“What’s in the Air” is a column by Dominique Browning, Moms Clean Air Force Co-Founder and Director, in which she explores life today through the lens of air quality and public health.
These days, I’m thinking a lot about decency. Common decency. A friend sent me an interview with a novelist beloved by many, Marilynne Robinson. Among her most popular novels are Housekeeping and Gilead; Robinson has a nonfiction work coming soon called Reading Genesis about the first book of the Bible. (And yes, I’ve pre-ordered.)
In the interview, Robinson notes that she is “surprised, shocked, disillusioned perhaps by the turn that things have taken in this country… The vulgarity and mercilessness that have entered public conversation, and a kind of meagerness and unwillingness to be a source of benefit to the people…”
That line, and that sentiment, really connected with me, as I was thinking about events of this past weekend.
A couple of members of Moms Clean Air Force were honored to be invited to meet President Biden when he went to East Palestine to mark the occasion of the one-year anniversary of the Norfolk Southern train derailment—and the consequent detonation of several cars filled with vinyl chloride. This toxic chemical was en route to New Jersey, where it would be used to make PVC—about 99% of vinyl chloride goes into the stuff we use in siding for our homes, to make our floors, in plumbing pipes; stuff like the freezable teething rings our babies gum, or toys like plastic dolls, including—yes—Barbie dolls.
Vinyl chloride is a carcinogen. It causes cancer. When it burns, it creates horrifying dioxins—and it is firefighters and first responders who inhale it when they come to rescue us and our homes. We don’t need vinyl chloride in our stuff.

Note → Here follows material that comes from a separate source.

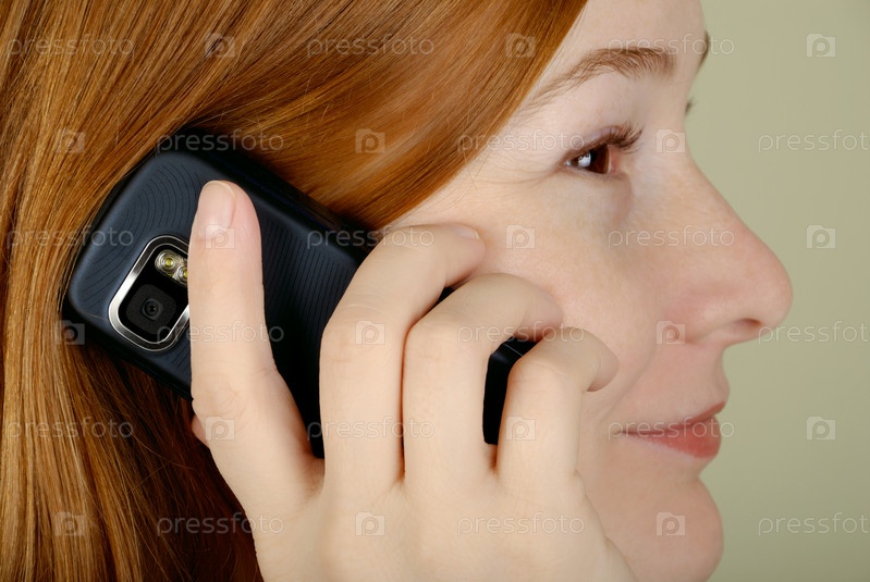 Рыжеволосая молодая женщина разговаривает по мобильному телефону

A year after the disaster in East Palestine, the U.S. government, at Biden’s direction, has spent millions of dollars on both cleanup and health studies. More must be done. The rail company should pay—rather than U.S. taxpayers. But the damage done in East Palestine can’t be measured in dollars. And furthermore, the damage isn’t contained to East Palestine and surrounding towns. Damage is being done by the petrochemical industry from the coasts of Texas and Louisiana on up to the Ohio River Valley and beyond.
Moms Clean Air Force is a nonpartisan organization. We like to say we are Mompartisan. That isn’t an easy place to be, in a day when Republicans are disinclined to utter the words “climate change,” much less “climate disruption.” When the Republican candidate for president vows during campaign speeches to strip environmental protections and gut the agency, EPA, whose mission it is to protect human health.
Nevertheless, we try.
I can’t think of a more beautiful example of being Mompartisan than Misti Allison. She’s a Republican mom living in East Palestine. She and her family have been upended by the disaster. During President Biden’s visit some people waved flags—actually, in a photo that has haunted me all weekend, a child waved a flag, with an expletive, basically saying F… Biden and everyone who supports him.
In contrast to that, here’s what Misti described as her experience. She was able to talk to the President one-on-one for a couple of minutes—something Joe Biden loves to do. I know, I’ve seen it. He is warm, compassionate, and he listens. Misti writes:
“President Biden said something that I keep thinking about. He said when he was a child he would go to his grandfather’s farm in Scranton, PA. When he was discouraged, his grandfather would say, ‘Joey, keep the faith.’ And he would tell his grandfather, ‘I don’t want to keep the faith, I want to spread the faith.’
“I thought that was really beautiful and resonated with me because that’s how I try to live my life. While we have faced a lot this past year, I do have faith that we can recover and thrive and have this [chemical explosion] be a catalyst for change. And that it is my duty to spread the faith for others to believe that too, and to work together.”
Amen. That’s all I can say. Or, Selah. Prayerful? Raising our voices in praise? Indeed. We need more Mompartisanship.
Or to put it another way: More common decency.